On Thu, Mar 27, 2014 at 08:27:01PM -0700, John-Mark Gurney wrote:
> Willy Offermans wrote this message on Thu, Mar 27, 2014 at 15:46 +0100:
> > Hello John-Mark and FreeBSD friends,
> > 
> > On Wed, Mar 26, 2014 at 04:04:27PM -0700, John-Mark Gurney wrote:
> > > Willy Offermans wrote this message on Wed, Mar 26, 2014 at 18:22 +0100:
> > > > Hello John-Mark and FreeBSD friends,
> > > > 
> > > > On Wed, Mar 26, 2014 at 09:20:35AM -0700, John-Mark Gurney wrote:
> > > > > Willy Offermans wrote this message on Wed, Mar 26, 2014 at 12:17 +0100:
> > > > > > On Tue, Mar 25, 2014 at 09:43:16AM -0700, John-Mark Gurney wrote:
> > > > > > > Willy Offermans wrote this message on Tue, Mar 25, 2014 at 11:39 +0100:
> > > > > > > > I'm not an expert in tcpdump. Can anyone make sense out of the messages?
> > > > > > > 
> > > > > > > If you dumped the contents, using -s 0 -X, and look at that last packet
> > > > > > > you should see 0d 0a 2e 0d 0a at the end..  which is CR/LF/./CR/LF.. If
> > > > > > > you don't see that, then for some reason sendmail/FreeBSD isn't telling
> > > > > > > the server that it's done sending which would prevent the receiving
> > > > > > > side from ack'ing the email causing the timeout...
> > > > > > 
> > > > > > I followed your suggestions. However I'm not able to distinguish the last
> > > > > > packet. Is there a way to find this with help of the Flags? The following
> > > > > > is the output of tcpdump -r /root/tmp/tcpdump -X | grep Flags
> > > > > > 
> > > > > > 11:57:56.539788 IP MyServer.com.41115 > Smarthost.com.smtp: Flags [S], seq 1001452351, win 65535, options [mss 1448,nop,wscale 6,sackOK,TS val 407239960 ecr 0], length 0
> > > > > > 11:57:56.555262 IP Smarthost.com.smtp > MyServer.com.41115: Flags [S.], seq 1277075046, ack 1001452352, win 8192, options [mss 1452], length 0
> > > > > 
> > > > > It should look something like:
> > > > > 09:18:34.723280 IP jmgmac.funkthat.com.64724 > h2.funkthat.com.ssh: Flags [.], ack 177, win 33280, options [nop,nop,TS val 1854905469 ecr 3482476972], length 0
> > > > >         0x0000:  4510 0034 d7ac 4000 4006 e1af c0a8 0003  E..4.._at_._at_.......
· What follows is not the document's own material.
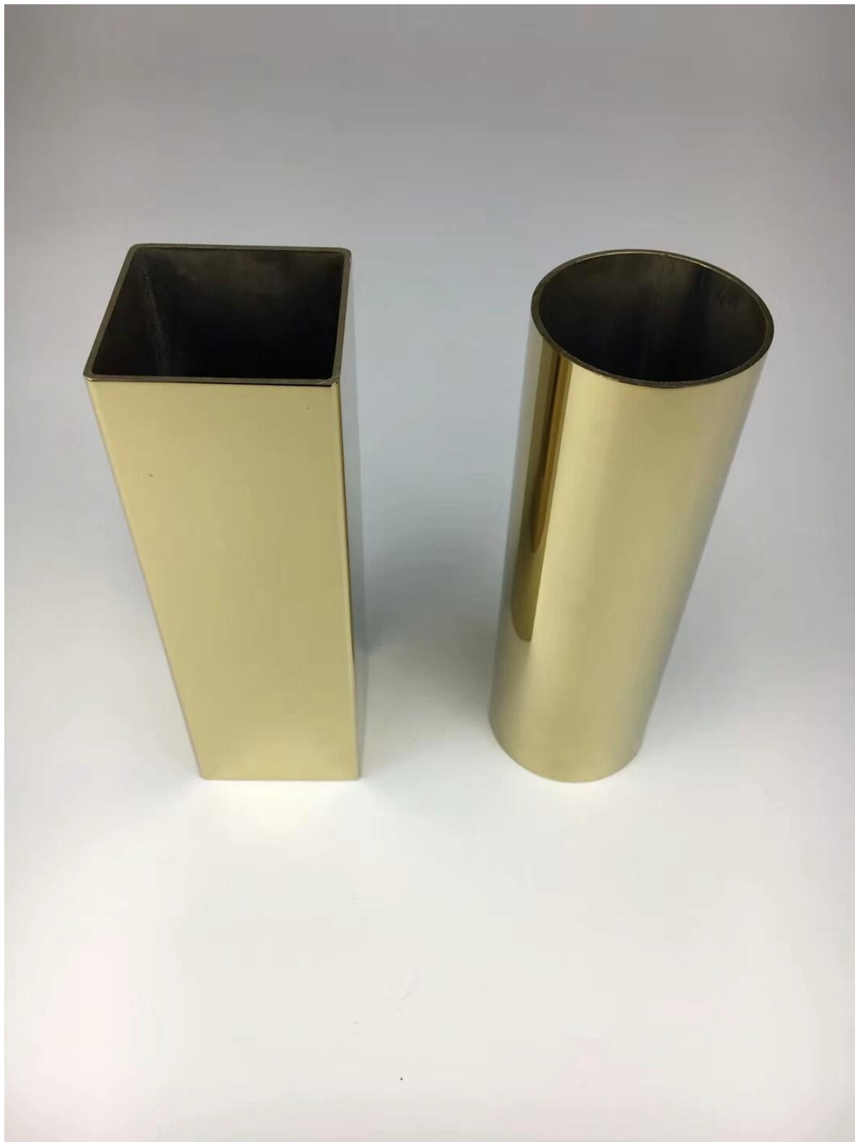
Нормальное зеркало и атласная отделка труб из нержавеющей стали

> > > > >         0x0010:  c0a8 0004 fcd4 0016 7e48 238e d872 43dc  ........~H#..rC.
> > > > >         0x0020:  8010 8200 7c08 0000 0101 080a 6e8f 9c7d  ....|.......n..}
> > > > >         0x0030:  cf92 61ac                                ..a.
> > > > > 
> > > > > Notice the hex output...  I didn't see any of that in your output...
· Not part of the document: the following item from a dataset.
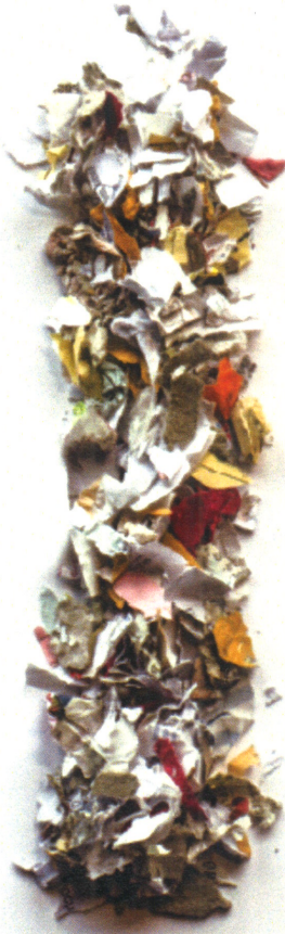
P-3 Sieblochung 30/35 mm

> > > > > The last packet I was talking about is the last one that had length
> > > > > 1448 that your server sent...
> > > > 
> > > > I sent two e-mails consecutively: the first without an attachment, the
> > > > second with attachment. I dumped tcp of the NIC for port smtp. I got the
> > > > following:
> > > > 
> > > > 
> > > > 12:20:55.988622 IP MyServer.com.37191 > Smarthost.com.smtp: Flags [P.], seq 18943:19104, ack 412, win 65535, length 161
> > > >         0x0000:  4500 00c9 eebd 4000 4006 0000 c0a8 0004  E....._at_._at_.......
> > > >         0x0010:  d54b 3f0d 9147 0019 4ea0 36dd 15a7 38a0  .K?..G..N.6...8.
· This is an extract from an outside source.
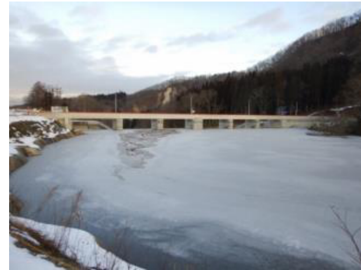
試験湛水状況 満水 (R2. 1. 14)

> > > >         0x0020:  5018 ffff 4481 0000 2020 2020 2020 2020  P...D...........
> > > >         0x0030:  2020 2020 2020 2020 2020 2020 2020 2020  ................
> > > >         0x0040:  2020 2020 2020 2020 2020 2020 2020 205c  ...............\
> > > >         0x0050:  2f20 205c 205e 0d0a 2020 2020 2020 2020  /..\.^..........
> > > >         0x0060:  2020 2020 2020 2020 2020 2020 2020 2020  ................
> > > >         0x0070:  2020 2020 2020 2020 2020 2020 2020 2020  ................
> > > >         0x0080:  2020 202e 5c2e 5f2f 5f29 0d0a 0d0a 2020  ....\._/_)......
> > > >         0x0090:  2020 2020 2020 2020 2020 2020 2020 2020  ................
> > > >         0x00a0:  2020 2020 2020 2020 2020 2020 2020 2020  ................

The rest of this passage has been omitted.